Guest commentary by Lara Hauser
What does grief have to do with stewardship and giving? They seem like pretty disparate subjects, but I find them to be deeply intertwined. In many churches, stewardship season is a time to talk about gratitude and generosity. I may be unique, but I think it is a good time to talk about grief as well, because, as a widow, I think it is always a good time to talk about grief. And I’d like to make a case that grief and gratitude can go hand in hand.
Last fall, our church offered a class on the theology of wealth. It was a really good class, taught by a gifted instructor and, like all good teachers, he asked provocative questions that refused to leave me alone. One question in particular really stuck with me: “What does how you live say about your theology?”
The question lingered in my mind, insisting on my attention. Another way to phrase that might be: What defines your life? What will people think about or talk about when your name comes up?
It would be easy for my defining characteristic to be grief. My husband, Scott, endured a brief, fierce and fairly public cancer illness and died in February 2017. He was the pastor at a large church, Crossroads Presbyterian in Mequon, Wisconsin, when he died. He was only 18 months into his tenure and much beloved; his death was shocking and traumatic for the whole church community. I am certainly not alone in grieving Scott.
Grief is a big part of my life. It’s a big part of the life of that congregation, where my children and I have continued to attend. That doesn’t make me unique, nor does it make Crossroads unique. Grief is a part of every church. It’s just a little closer to the surface at Crossroads.
Grief is not something our culture does well — not our secular culture, and often not our church culture.

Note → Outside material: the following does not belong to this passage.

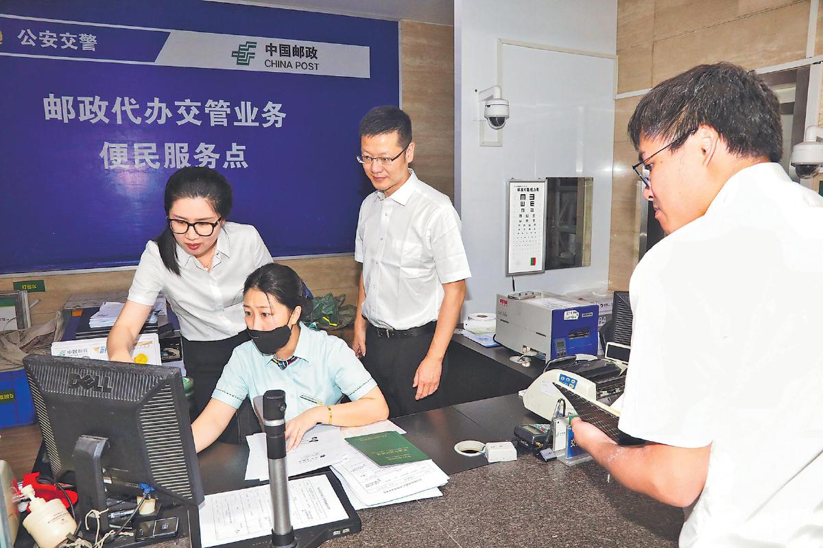 浙江省分公司渠道平臺部員工到網點指導業務辦理。□周云峰 攝
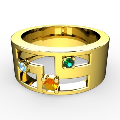 Sitrin, akuamarin ve yeşil kuvars 18 ayar altın yüzük

It’s understandable. Grief is hard. Grief is scary. And grief is not well understood. It’s not uncommon to think of grief as the opposite of happiness, but I disagree. Grief is the acute sense of absence, the acknowledgment of scarcity, the longing for something that is missing.
I’m OK with grief being a defining characteristic in my life, because I think that how we choose to grieve can tell an important story about what we believe. Grief, maybe better than almost anything, can expose our true theology, can reveal what we really, deeply hold to be true about God and God’s love for us and how we are to respond to that love.

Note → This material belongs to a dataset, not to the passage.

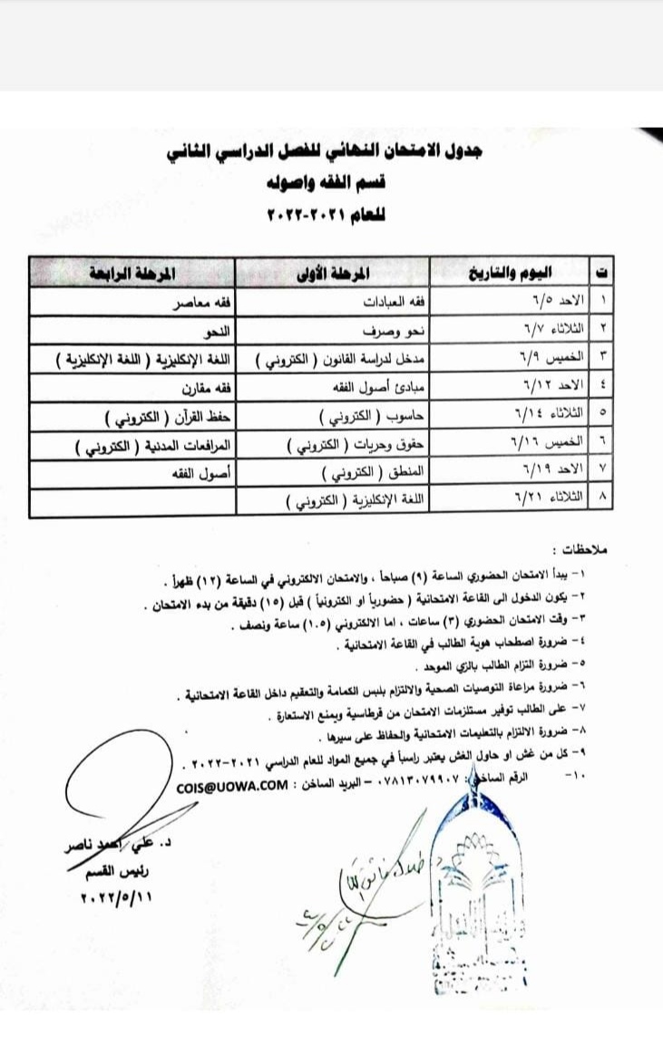 جدول الامتحانات النهائية لقسم الفقه واصوله / الفصل الثاني العام الدراسي 2021 / 2022

I’m OK with grief being a defining characteristic because I don’t want to deny grief — to do so would be to deny the absence, the scarcity, the importance of what was, but is now gone. I don’t want to deny grief, but I do want to hold it in tension with its true opposite: gratitude.
Gratitude is the acute sense of presence, the acknowledgment of abundance, the joyful response to God’s gifts.
If I am defined by grief, in the same breath, I want to be defined by gratitude. Scott was defined by gratitude. If you knew him, then you know this to be true. Many people who encountered Scott, professionally or personally, received a thank you note from him. He made a point to offer thanks to and for his congregation in every letter he wrote for the weekly newsletter. He made a point to thank every person he came in contact with through his hospitalization, from the doctors to the nurses to the technicians and the people transported him to and from innumerable tests and procedures.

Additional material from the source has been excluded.